Basket bersamaan dengan kedatangan pedagang dari Cina menjelang
kemerdekaan. Tepatnya, sejak 1894, bola basket sudah dimainkan orang-orang Cina
di Provinsi Tientsien dan kemudian menjalar ke seluruh daratan Cina. Mereka yang
berdagang ke Indonesia adalah kelompok menengah kaya yang memilih olahraga dari
Amerika itu sebagai identitas kelompok Cina modern.
Informasi ini diperkuat fakta menjelang dan pada awal kemerdekaan klub-klub
bola basket di sejumlah kota besar seperti Jakarta, Medan, Bandung, Semarang, DI
Yogyakarta, dan Surabaya sebagian besar tumbuh dari sekolah-sekolah Cina. Dari
klub itu pula kemudian lahir salah seorang pemain legenda Indonesia, Liem Tjien
Siong yang kemudian dikenal dengan nama Sonny Hendrawan (Pada 1967 Sonny
terpilih sebagai Pemain Terbaik pada Kejuaraan Bola Basket Asia IV di Seoul, Korea
Selatan. Waktu itu, tim Indonesia menduduki peringkat ke-4 di bawah Filipina, Korea,
dan Jepang).
Pada 1948, ketika Negara Indonesia menggelar PON I digelar di Solo, bola basket,
sudah menjadi salah satu cabang olahraga yang dipertandingkan. Ini membuktikan
bahwa basket cepat memasyarakat dan secara resmi diakui Negara. Tiga tahun
kemudian, Maladi sebagai Sekretaris Komite Olimpiade Indonesia (KOI) yang
kemudian menjadi Menteri Olahraga, meminta Tonny Wen dan Wim Latumeten
untuk membentuk organisasi bola basket. Namun akhirnya karena tuntutan kebutuhan
untuk menyatukan organisasi basket, disepakati pembentukan Persatuan Bola Basket
Seluruh Indonesia pada 1955, disingkat Perbasi.

Perlengkapan

1. Lapangan Basket
a. Lapangan Bola Basket: 28 meter x 15 meter. Ukuran ini dihitung dari batas
garis sebelah dalam. Di bagian tengah lapangan, terdapat lingkaran dengan
jari-jari 1,80 meter. Untuk ukuran lingkaran, jari-jarinya diukur dari sebelah
luar garis lingkaran. (Gambar 1)
b. Garis Tembakan Hukuman. Garis tembakan ini berada di daerah bersyarat.
Ukuran daerah ini dapat dilihat pada gambar 2.
c. Papan Pantul. Papan pantul terbuat dari kayu atau bahan lain yang sifatnya
sama, tebal papan ini 3 cm. Ukuran papan pantul 1,80 meter x 1,20 meter. Di
tengah papan pantul terdapat garis bingkai empat persegi panjang dengan
ukuran 0,59 meter x 0,45 meter. (Gambar 3)

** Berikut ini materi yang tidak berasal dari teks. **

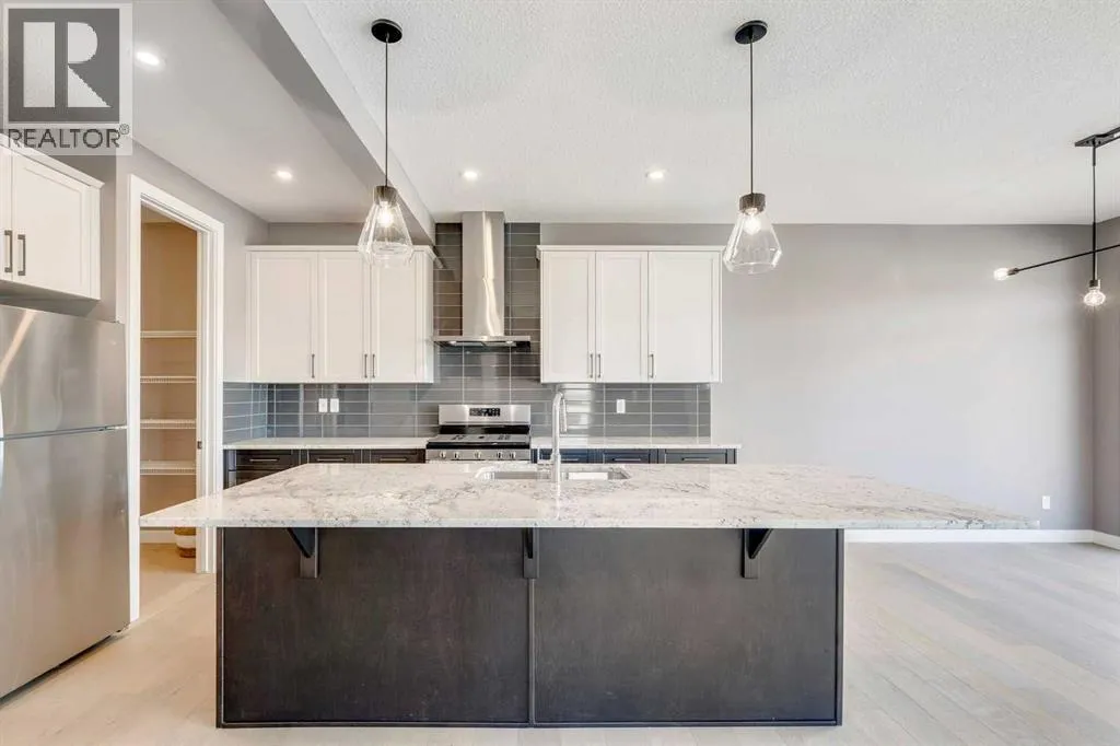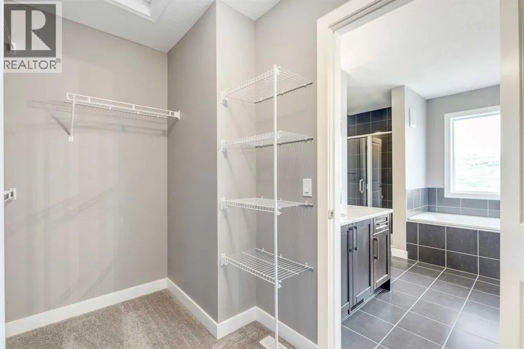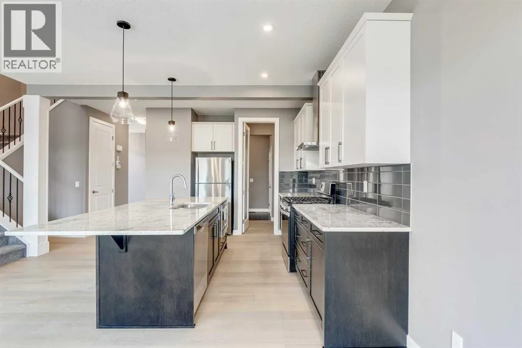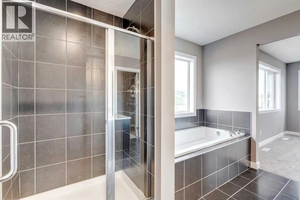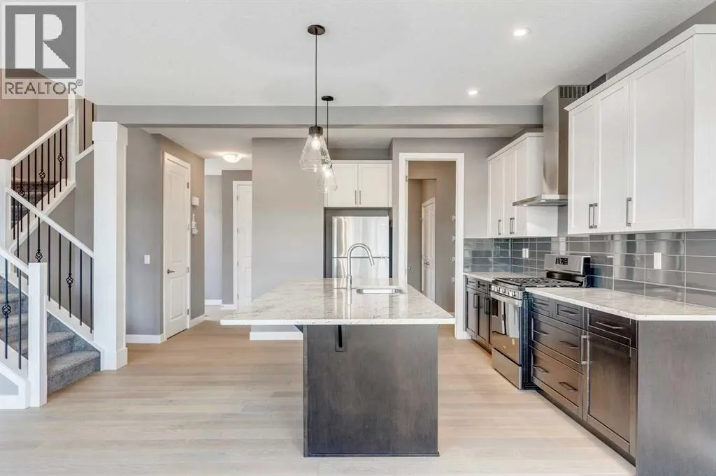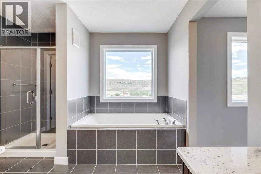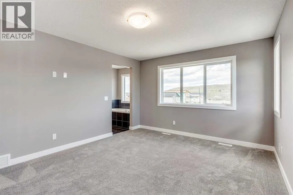 Please enjoy a virtual tour of this immaculate and beautifully designed home, ideally situated in one of Cochraneâs most convenient and sought-after neighbourhoods! Located on a large corner lot directly across from central Reindeer Park, this spacious 3-bedroom, 2.5-bath home offers over 2,000 sq ft of stylish and comfortable living spaceâperfect for larger or upscaling families. From the moment you step through the grand 8' front door, you'll be greeted by soaring 9' ceilings, oversized windows, and gleaming hardwood floors that flow throughout the foyer, hallway, great room, kitchen, and nookâcreating a warm and elegant atmosphere. The open floor plan enhances the sense of space and flow, ideal for both everyday living and entertaining. The stunning kitchen features dual-colour quartz countertops and cabinetry, a tiled walk-through pantry connecting to the mudroom, stainless steel appliances including a self-cleaning gas range, a built-in microwave, and a dishwasher. A spacious great room anchored by a sleek Napoleon Alluravision fireplace adds a cozy yet modern touch. Upstairs, the generous master bedroom includes a luxurious 5-piece ensuite with dual quartz vanities, undermounted sinks, a deep soaker tub beneath a bright window, and an oversized tiled shower. A large, separate walk-in closet provides ample space. The upper floor also boasts a forward-facing bonus room with a dramatic two-sided vaulted ceiling, two additional good-sized bedrooms with double-door closets, a main bath with quartz countertops, and a bright upper-floor laundry room with linen storage and tiled flooring. This home sits on a quiet street in a family-friendly area, less than 5 minutes from elementary, junior high, and high schools, and under 8 minutes to grocery stores, parks, coffee shops, and restaurants. With easy access to downtown Calgary (just 40 minutes away) and the Tuscany LRT station (only 25 minutes away), convenience is at your doorstep. Beautiful, elegant, and functionalât his home has it all. Book your private showing today! (id:27476)

d. Tiang Penyangga. Tiang penyangga atau simpei terbuat dari besi dengan garis
tengah 20 mm. Simpei berdiri dengan ketinggian dari atas lantai 3,03 meter.
(Gambar 4)
2. Bola Basket
Bola Basket memiliki ukuran keliling 75cm - 78 cm dan memiliki berat 600 - 650
gram. Walaupun telah ditetapkan secara internasional, namun ternyata ada
beberapa perbedaan tentang peraturan bola basket yang ditetapkan oleh FIBA,
NBA dan NCAA.
Untuk ukuran dan berat bola basket yang disetujui oleh FIBA adalah
bola dengan berat antara 567 650 gram dengan keliling bola mencapai 749
780 mm. Sedangkan untuk ukuran dan berat bola basket yang digunakan dalam
pertandingan NBA, memiliki berat 623, 7 gram dengan kelilling 749,3 mm
755,65 mm yang di ukur dari garis bola. Dan bila diukur dari permukaan bola,
maka keliling bola basket harus mencapai 752,5 mm 758,8 mm. Sedangkan
NCAA menetapkan ukuran bola basket yang digunakan dalam sebuah
pertandingan harus mencapai berat antara 567 623,7 gram. Dengan keliling bola
antara 749,3 762 mm.
Pada pertandingan resmi ada berbagai macam ukuran bola basket yang digunakan
yaitu berukuran 5, 6 dan 7. Bola basket berukuran 7 digunakan pada pertandingan
resmi kebanyakan(profesional), bola basket berukuran 6 digunakan pada
pertandingan resmi tingkat SMP sedangkan ukuran bola basket 5 digunakan pada
pertandingan resmi tingkat SD.
Ring Basket
Salah satu poin penting dari permaianan bola basket adalah ring bola
basket. Pada pertandinga resmi, ring bola basket harus dibuat beradasarkan
peraturan resmi yang dibuat oleh NBA atau FIBA.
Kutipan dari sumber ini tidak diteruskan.